The undersigned hereby elects, under Section 83(b) of the Internal Revenue Code, to include in gross income, as compensation for services, the excess of the fair market value at the time of transfer of the property described below over the amount paid for such property.

The following information is supplied in accordance with Treasury Regulation §1.83-2(e):

1.           The name, address and social security number of the undersigned:
 
Name: ______________________________________
 
Address: ____________________________________
 
___________________________________________
 
___________________________________________
 
SSN: _______________________________________

2.           The property with respect to which the election is being made is the common stock of Porter Bancorp, Inc.

3.           The property was transferred on ____________, ____ [insert date]. The taxable year for which election is made is calendar year ____.

4.           The nature of the restrictions or risks of forfeiture to which the property is subject is that if the undersigned ceases to be employed by Porter Bancorp, Inc. or its subsidiary, the unvested portion of the undersigned’s restricted stock will be forfeited. The undersigned vests in the property at the rate and upon the events set forth in the Restricted Stock Award Agreement.

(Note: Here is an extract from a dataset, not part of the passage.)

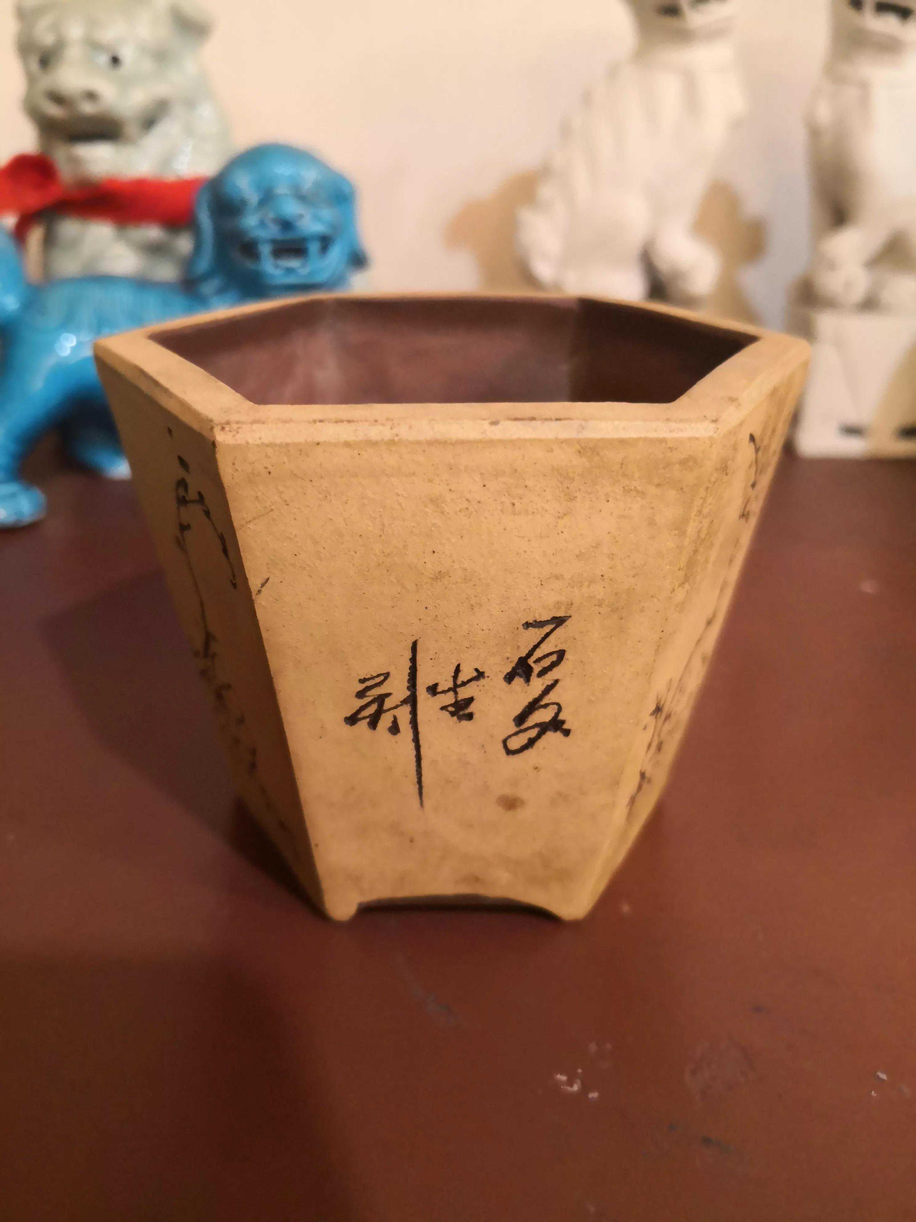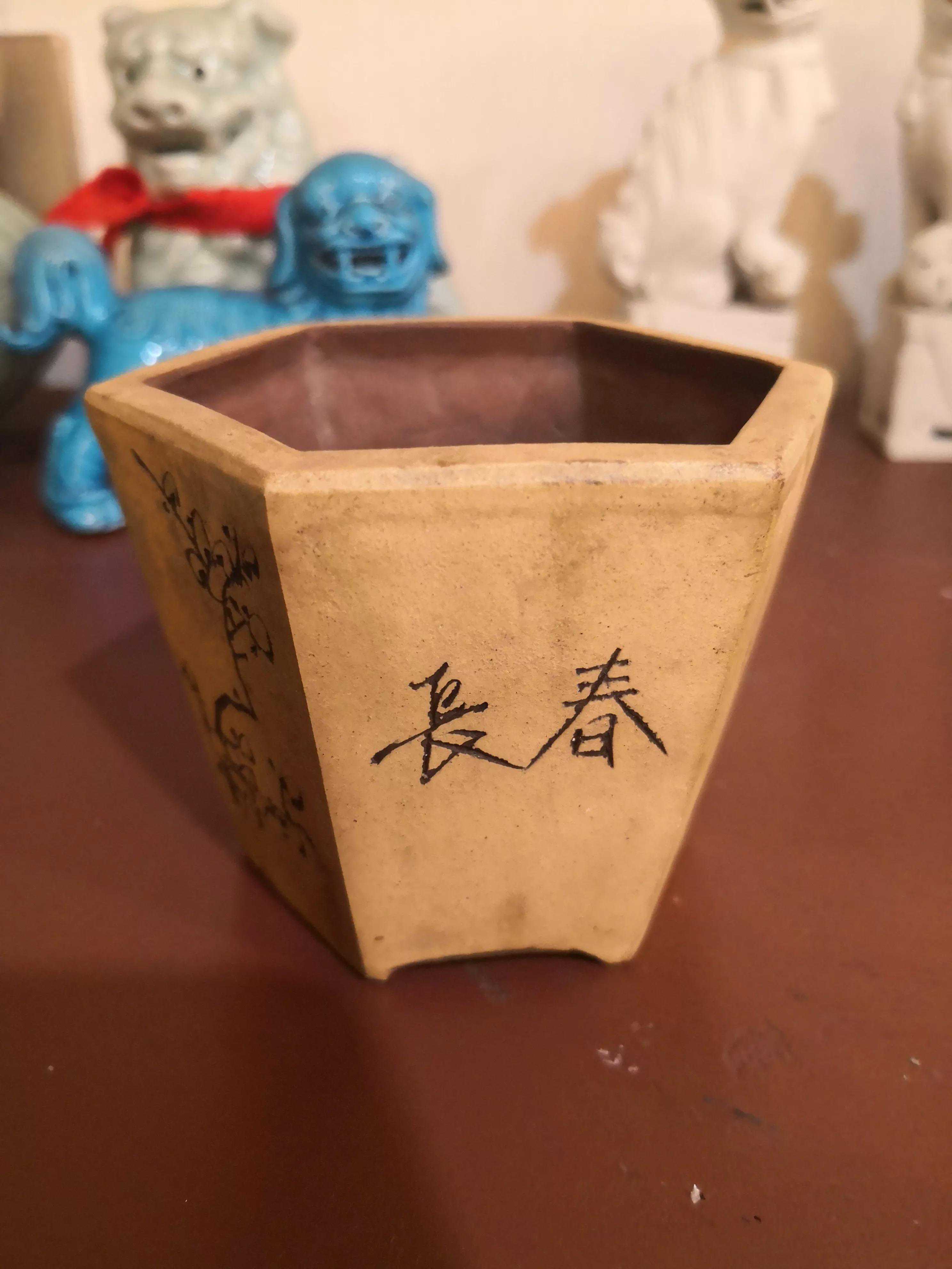 六十年代六角掸浆菖蒲花盆。三面绘画,三面诗文,石如生刻。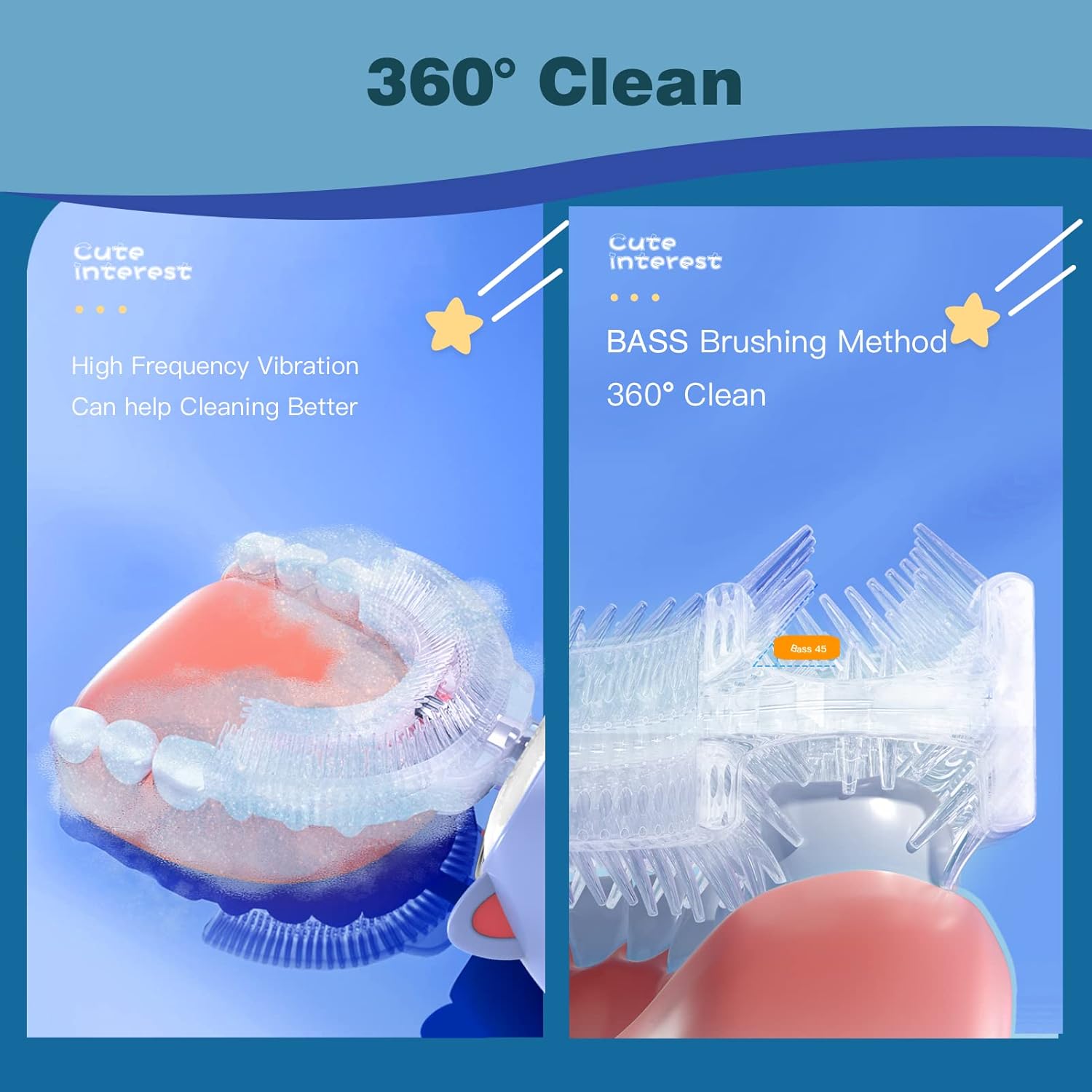 - 💧IPX7 WATERPROOF & 14 Days RECHARGEABLE BATTERY:The kids u shape toothbrushes are designed with IPX7 waterproof seal, the body is washable and easier to clean. The package comes with a USB charging cable, the LED lights up when charging, and it lasts up to 360 hours with 3 hours charge, making it quick and easy to use at home or travel.

5.           The fair market value of property at the time of transfer (determined without regard to any lapse restriction) was $________.

6.           The taxpayer received the property solely for the performance of services.

7.           Copies of this statement have been furnished, as required by Reg 1.83-2(d), to Porter Bancorp, Inc. and its subsidiary for which the services were performed.

___________________________________
 
Instructions for Filing: File this statement within 30 days from the Date of Grant Date with the IRS at the address you will use to file your Form 1040 for the tax year involved as stated in Item 3 above, AND file it with your tax return for that year.